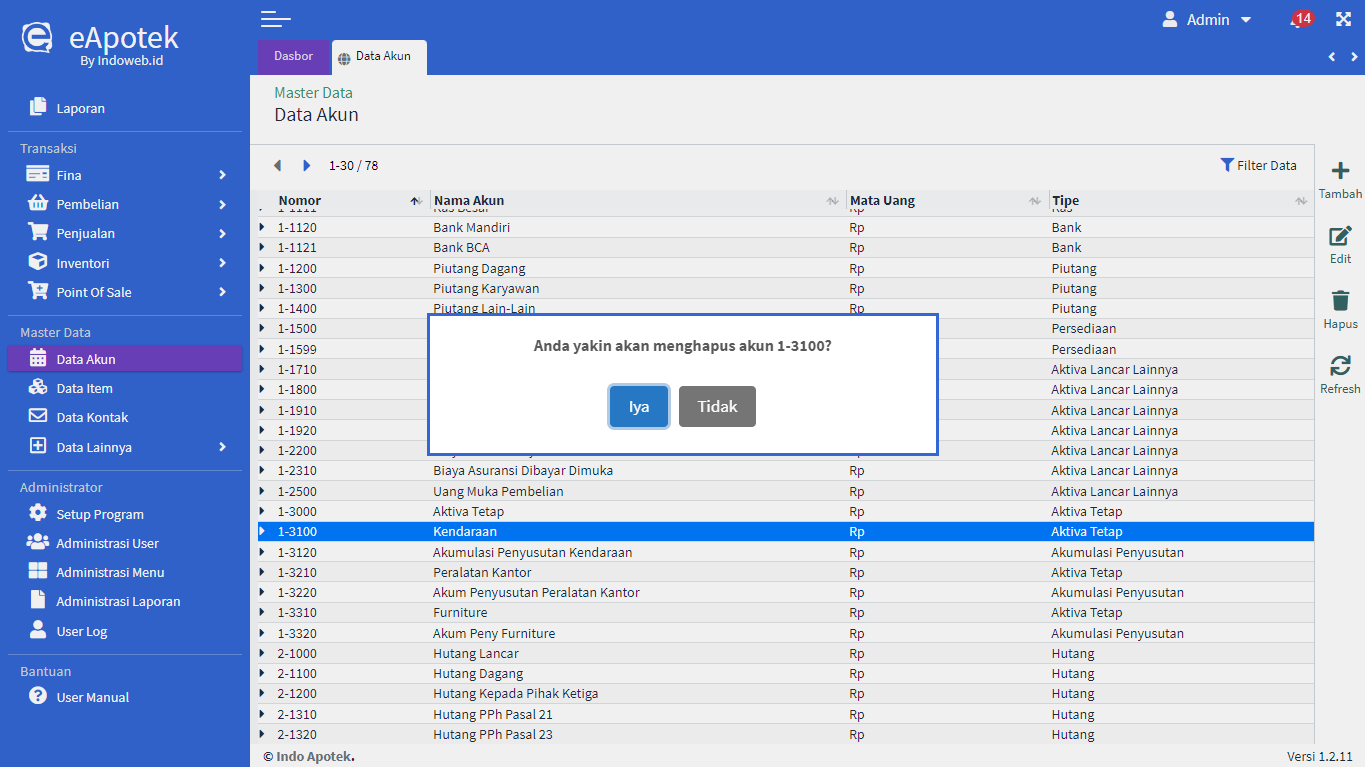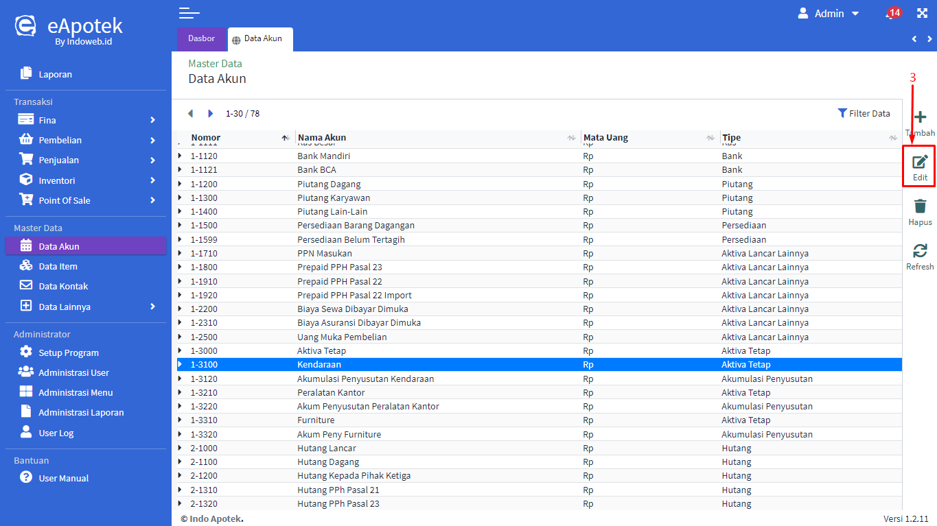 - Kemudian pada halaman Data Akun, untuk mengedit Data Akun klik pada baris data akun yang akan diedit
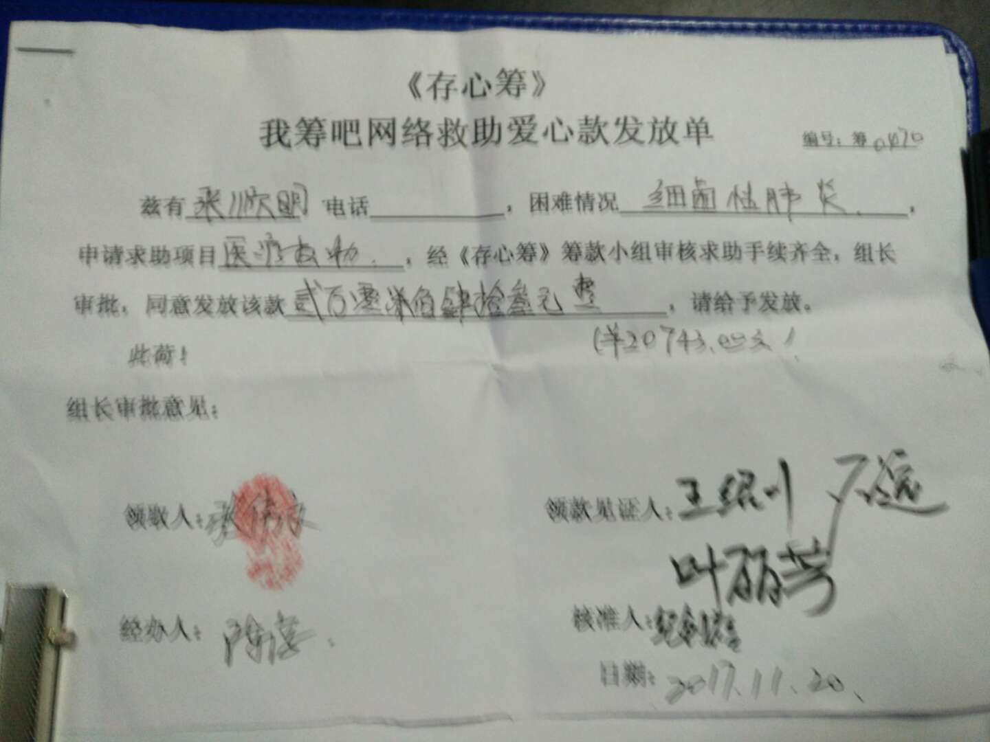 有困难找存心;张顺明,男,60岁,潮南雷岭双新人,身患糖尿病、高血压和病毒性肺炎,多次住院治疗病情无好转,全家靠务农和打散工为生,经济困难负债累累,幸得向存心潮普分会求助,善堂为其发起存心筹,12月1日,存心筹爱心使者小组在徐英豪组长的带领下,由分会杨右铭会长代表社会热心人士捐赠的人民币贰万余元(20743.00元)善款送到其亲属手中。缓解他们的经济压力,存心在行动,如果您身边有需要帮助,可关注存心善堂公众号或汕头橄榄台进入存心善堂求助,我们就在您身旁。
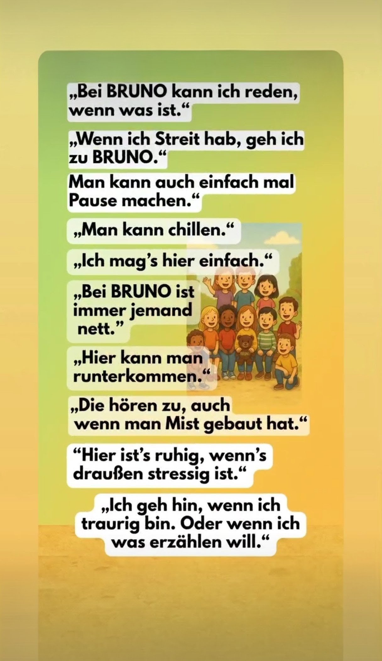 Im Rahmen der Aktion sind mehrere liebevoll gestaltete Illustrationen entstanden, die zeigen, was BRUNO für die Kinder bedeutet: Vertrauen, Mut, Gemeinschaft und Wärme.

The task
Pictures excluded, output exactly the line that contains "有困难找存心;张顺明,男,6" and every line after it to the end of the data above.

Result below
 有困难找存心;张顺明,男,60岁,潮南雷岭双新人,身患糖尿病、高血压和病毒性肺炎,多次住院治疗病情无好转,全家靠务农和打散工为生,经济困难负债累累,幸得向存心潮普分会求助,善堂为其发起存心筹,12月1日,存心筹爱心使者小组在徐英豪组长的带领下,由分会杨右铭会长代表社会热心人士捐赠的人民币贰万余元(20743.00元)善款送到其亲属手中。缓解他们的经济压力,存心在行动,如果您身边有需要帮助,可关注存心善堂公众号或汕头橄榄台进入存心善堂求助,我们就在您身旁。
 Im Rahmen der Aktion sind mehrere liebevoll gestaltete Illustrationen entstanden, die zeigen, was BRUNO für die Kinder bedeutet: Vertrauen, Mut, Gemeinschaft und Wärme.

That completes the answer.